Monday, December 20, 2010

Meowy Christmas!

The Schechner family doesn't have many holiday traditions. We don't gather around the television to watch Rankin-Bass specials or sing carols around the piano. We don't cook a Christmas goose or go on magical adventures through time with three temporally assorted ghosts. Yet there is one event that, without fail, always comes around every holiday season: we buy presents for our pets.

When I was young, we had a dog and a rotating cast of cats to shop for. Dog gifts were easy to find - a steakbone, some chicken scraps, a ball that makes noise and you throw it and the dog runs across the house to get it and messes up all the carpets and shit. Cats, as is their wont, are often pickier. Maybe they won't eat the chicken. And if you throw a ball, a cat will just turn and look at you, as if to say, "Well, you better go get that."

But then you give them a paper bag or a cardboard tube and they go crazy. I love cats, but I'll admit they're not easy to shop for. Yet an entire industry has sprung up around cat gifts, designed for Cat Enrichment or Cat Activities or Cat Pooping or whatever. And this shit is expensive. Probably not as expensive as medical bills for a dog whose entire genetic makeup is seemingly designed to kill it (see: pugs), but still incredibly pricy.

Like, what the fuck is this? I'm going to pay the MSRP of $79.95 plus shipping for something that looks like it fell out of a copy of Don't Wake Daddy? According to Skymall, this toy helps prevent "separation anxiety, laziness or behavior problems" in your cat. Did this mouse live in Freud's house before beginning its eternal cycle of running along a track? When "small animal sounds [which] signal the cat that the mouse is coming out" play, is the cat supposed to pull up a little chair and some kitty tissues (note to self: develop idea for kitty tissues because that sounds cute as fuck) and talk about how it never knew its father? Fuck that. If I can't go to see a shrink, neither does my cat. We'll be miserable together.

Of course, some gifts are more for function than entertainment. They're the socks of the cat gift world: you hate them when you're young, but when you get older they become the only time you ever get any new socks at all. This fake-plant-cum-litterbox is basically for the mature cat in your life. It's the gift that says to the cat "I am ashamed by your excretions" and to your friends "I not only enjoy tacky plastic plants but like to hide big boxes of shit in my apartment". A set of two costs $249.95, so you can put them in two opposite corners and watch the cat try to decide which one to shit in. I'm betting on the middle of the floor!

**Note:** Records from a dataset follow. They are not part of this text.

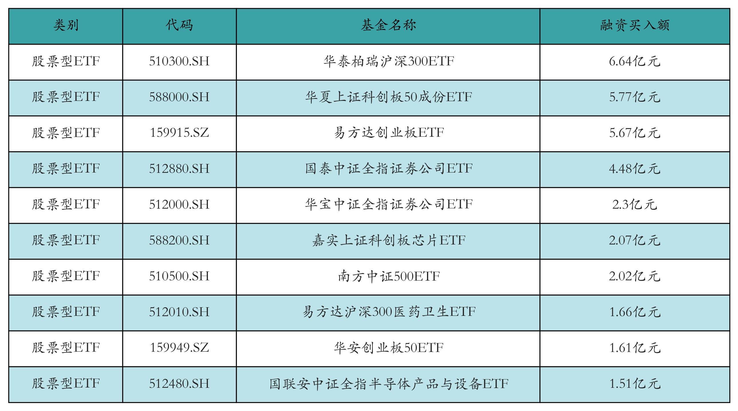 昨日股票型ETF融资买入额最高的3只ETF及其买入金额分别为:华泰柏瑞沪深300ETF(6.64亿元)、华夏上证科创板50成份ETF(5.77亿元)、易方达创业板ETF(5.67亿元)。融资买入额前10详情见下表: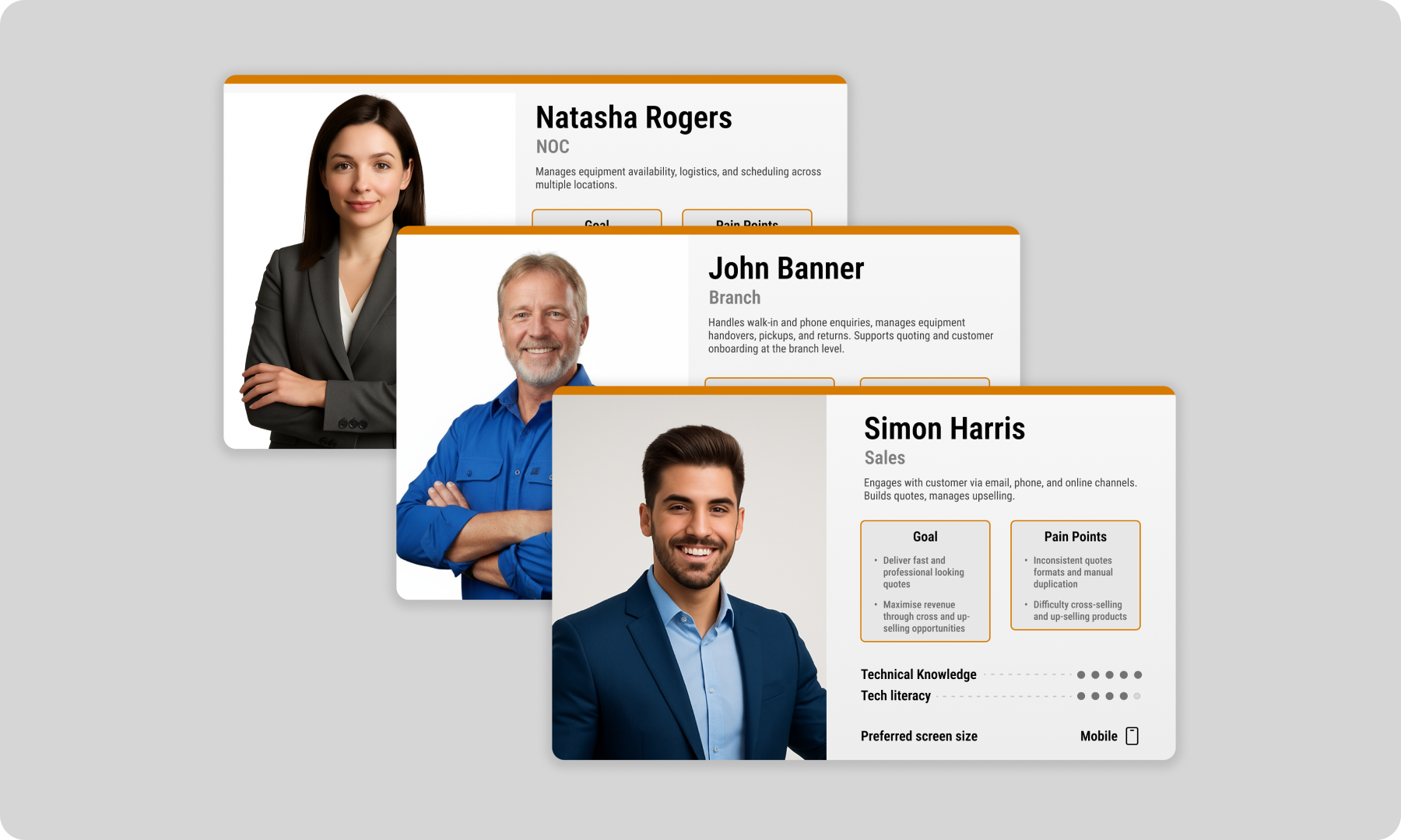 In order to better understand the user, we conducted user interviews and shadowed Coates Hire employees. It was very clear that the business was in need for having specific user personas, based on the teams that most use the application and their specific demands and desires.
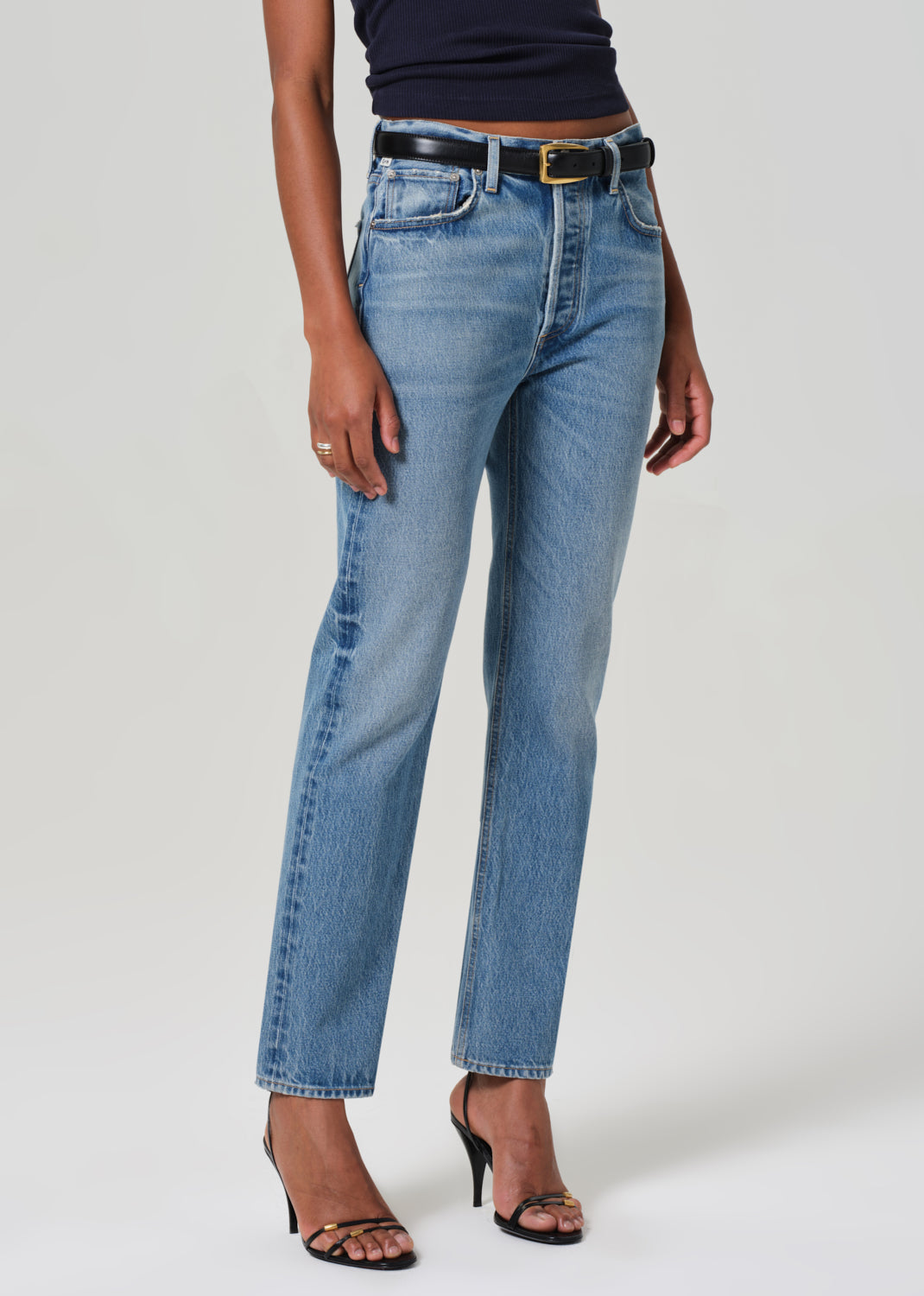 The Blaine jeans are cut for a high-rise, straight-leg profile from 100% regenerative cotton denim that promises to hold its shape over time. Designed for a flattering, structured fit, these jeans offer a versatile foundation for any wardrobe. Pair them with a tailored shirt and heels for a smart yet casual look, or style with a relaxed knit and sneakers for effortless weekend wear.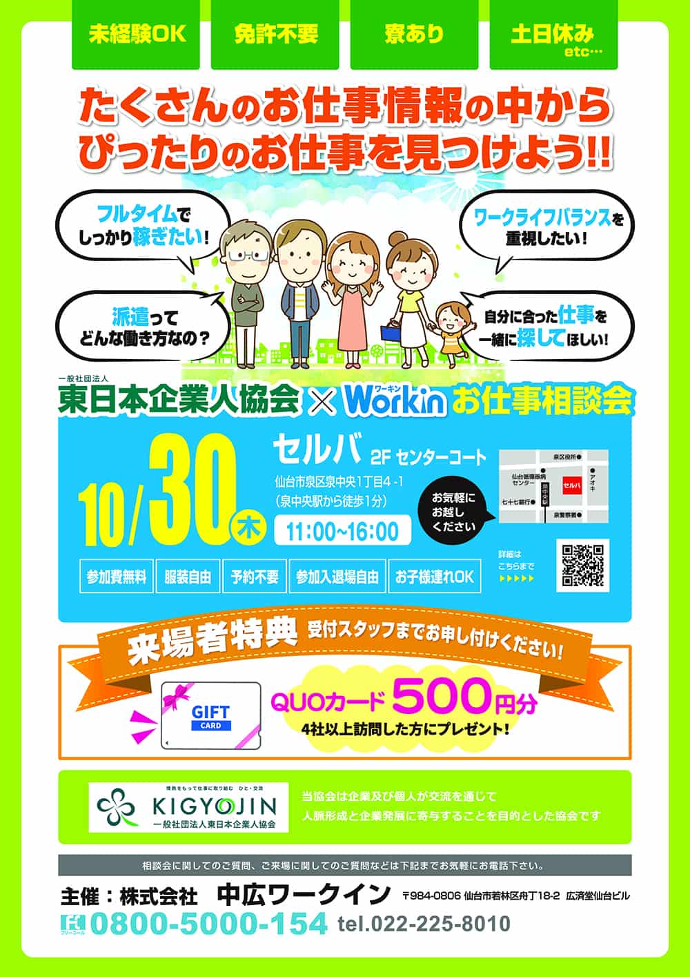 10/30(木)11:00~16:00 場所:セルバ2階センターコート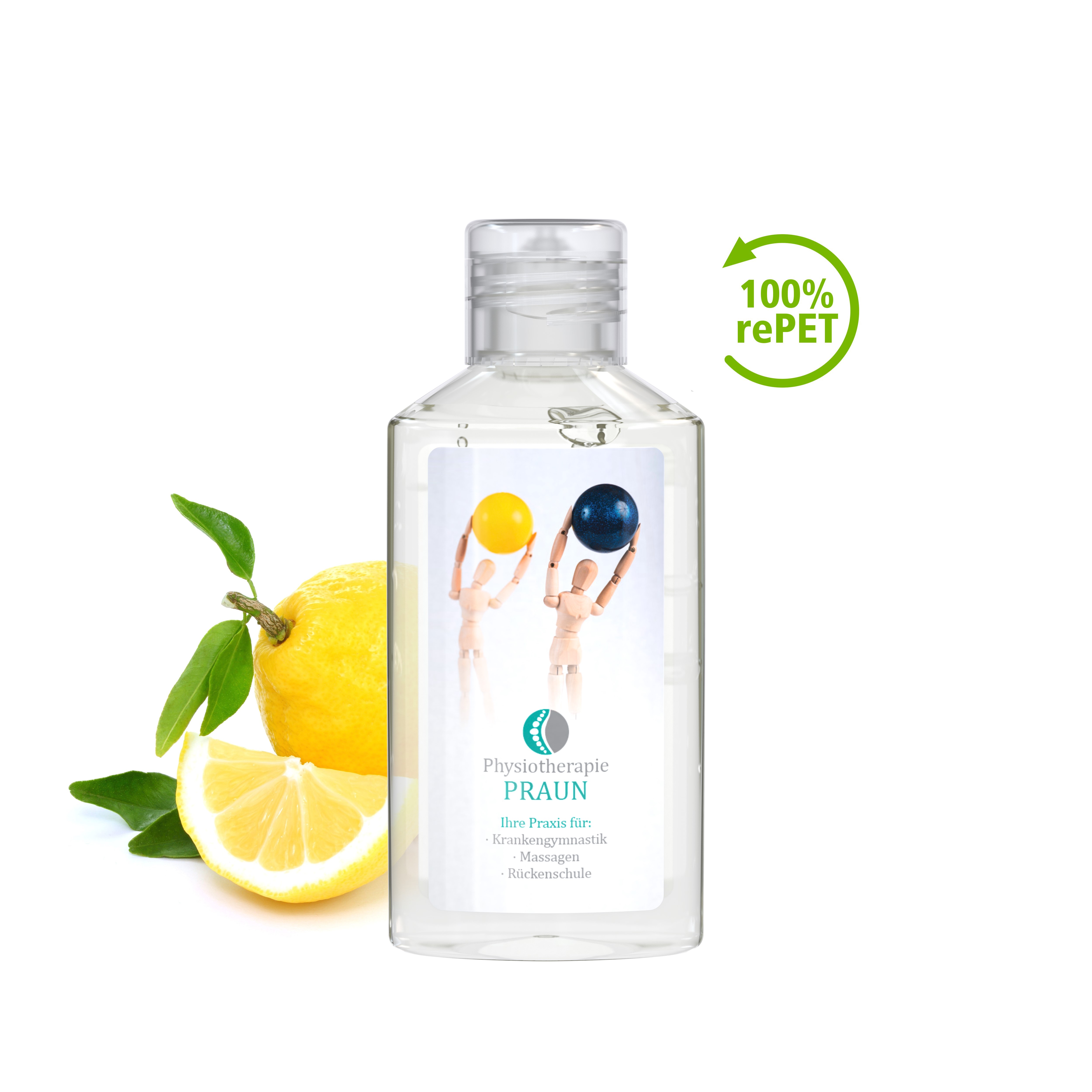 50 ml Flasche mit Klappdeckel. Flasche hergestellt aus 100% recyceltem PET, transparent mit leichter R-PET-Färbung. Klappdeckel "weiß" aus recyceltem PP, zufällig ausgerichtet. Nachfüllbar. Hygiene ist für jedermann Thema: Das alkoholische Handreinigungsgel ist der ideale Begleiter im Alltag. Prompt und einfach ohne Wasser anwendbar: Die Hände fühlen sich sofort sauber und gepflegt an. • Vegan • pH-hautneutral • Ohne Parabene • Ohne Konservierungsstoffe • Dermatologisch getestet "Sehr gut hautverträglich" • Hergestellt in Deutschland. Dekoration: Body Label: Etikett PE (weiß) auf Vorder- und Rückseite, Druck 4c CMYK. Füllung: 50ml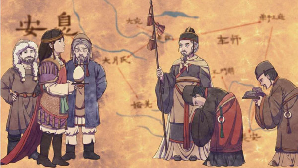 30 个故事,每一个都是自成一体的文化交流景观与传奇,但循序深入也传递文化交流发展阶段的轨迹。比如,“张骞通西域”“苏武牧羊在漠北”“经营丝路第一人——汉宣帝”“班超出使西域”这四个故事,为我们展现了汉朝中外交流滥觞期的时代坐标,递进地镌刻汉代丝绸之路开凿、奠基、初创的千古功业,呈现了故事主人公在中外交流中的责任使命与英雄传奇,更完美地诠释了政治局势与外交 、 经贸文化交流的互动关系及其转化。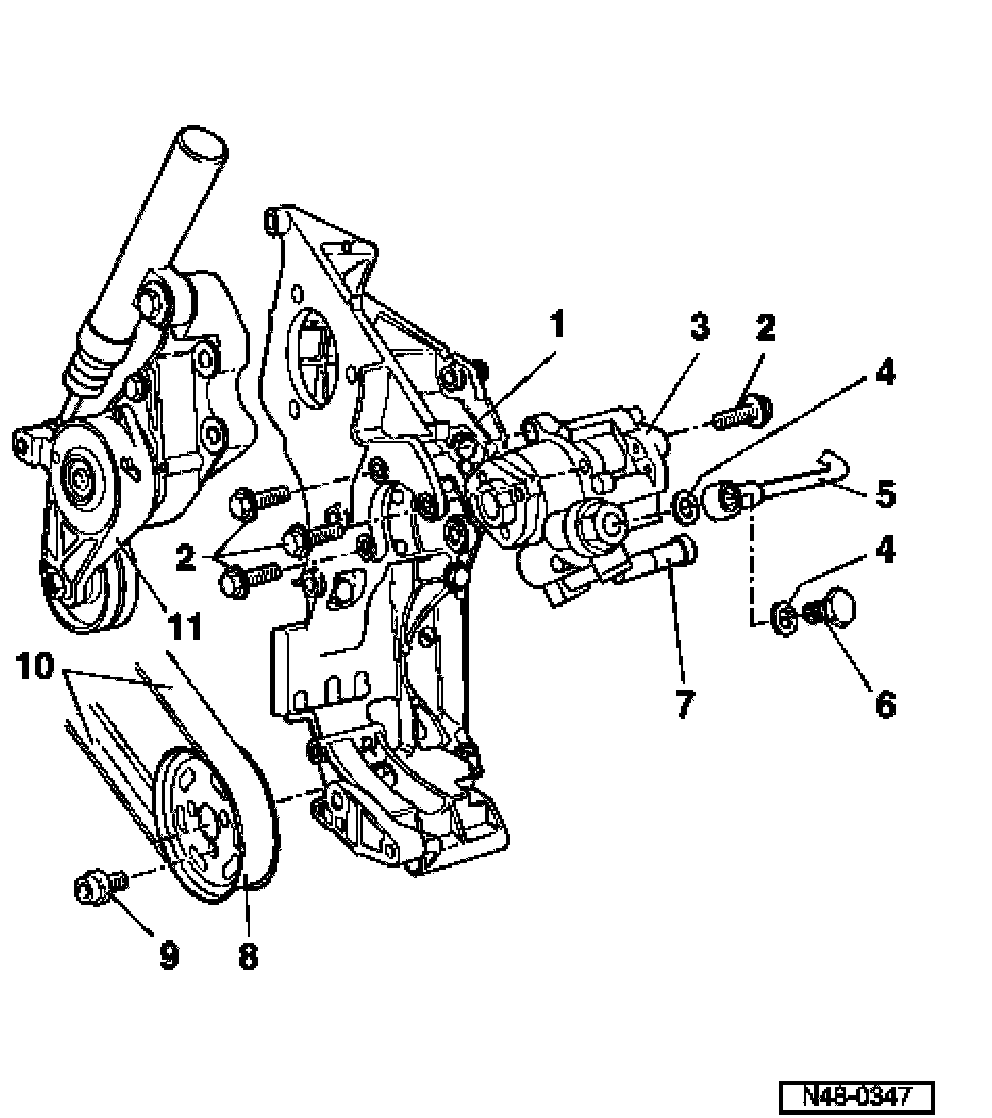 ^ Mark the direction of travel using a crayon or marker before removing the ribbed belt. Reinstalling a used belt in the opposite direction could damage the belt.

But maybe the fake plant isn't going to take up enough space in your place. Or you want a gift that screams to people "I HAVE TOO MUCH MONEY AND NOBODY TO SPEND IT ON!" If that describes you, then may I recommend the Five Tiered Cat Tree ($369.00)? "This sturdy five level cat tower offers plenty of places for multiple cats to perch, nap, and play" and wait on top of until you to walk by so they can jump on your head. And then when you dig its claws out of your face and throw it to the ground, your cat can go see the automatic Freud mouse to discuss how that makes it feel.

I actually think this is pretty cool, but only if you buy the cat a sick motorcycle to take off this ramp.

hahahahahahaha okay that's it I can't take this shit seriously anymore. 91 bucks and change for this thing? Come on, guys, let's get real here. Go to the pet store and buy a three-pack of little mice toys for four dollars. Let the cat play with them and then find a big box for it to hide in. I guarantee it'll be the cat's best Christmas ever.